Jasper County Democrat, Volume 8, Number 38, Rensselaer, Jasper County, 23 December 1905 — ABOLISHING FOOTBALL. [ARTICLE]

ABOLISHING FOOTBALL.

Cincinnati Enquirer; The great danger to the game of football is that there are so many people who “do not know when they have enough.” It has always been a popular game. Our grandfathers liked it and our fathers were still more attached to it. But they would not recognize the football of today. To them it would be an indiscriminate series of sprinting matches, or a GraecoRoman wrestle, or a meeting in the prize ring, or a free fight, rather than the scientific and rational football they used to play. Probably one half of the men and women who attend the big games now would hesitate to confess how little they know about the play; how utterly ignorant they are of the rules; how feeble is their comprehension of the scrambling on the field; and how utterly purposeless is the whole performance. They have paid their money, and it is the fashion, and they are bound to feel that they have been entertained. They are even reconciled to the spectacle of a maimed player carried from the field occasionally, and join in the general admiration of those who remain on the ground, bravely indifferent to the fate of the comrade who has, perhaps, been taken to the hospital.
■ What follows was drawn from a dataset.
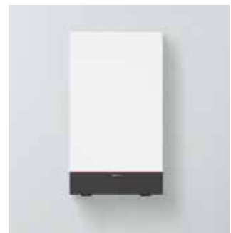
Vitodens 025-W (type BPKB)
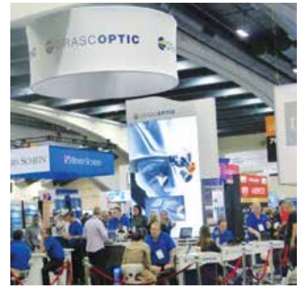
• The Orascoptic booth, No. 702, stays busy Thursday in the exhibit hall.

There will be time before the next diabolical encounter to attend the victim’s funeral and to recover mental and physical equilibrium. There may be no funeral, but so numerous are the casualties that when the average observer sees a cripple—some person with bis back bowed and his shoulders caved in—he instinctively asks if he was hurt on the gridiron. There will have to be a modification of the sport in the name of common sense and common humanity. It has been announced that the authorities of Columbia University have decided to abolish football games after the present year. As the active season is over, this means the immediate interdiction of the dreadful performances. This will have a strong influence. Other colleges and universities will have to follow the example, or at least reduce the terrors and dangers of the game. Physical development should go hand in hand with intellectual improvement, but surely the college games can be placed within the limitations of reason and decency. The young men are the hope of the country, but they are perverse. They are released too early from guardianship. Some of them escape too soon from the rigorous discipline of the harness

strap and the shingle. When grave men and delicate ladies pay money to see them destroy , each other, they will take any risk nhat presents itself. If the game cannot be improved and made more rational, the police should be engaged to play the heavy parts.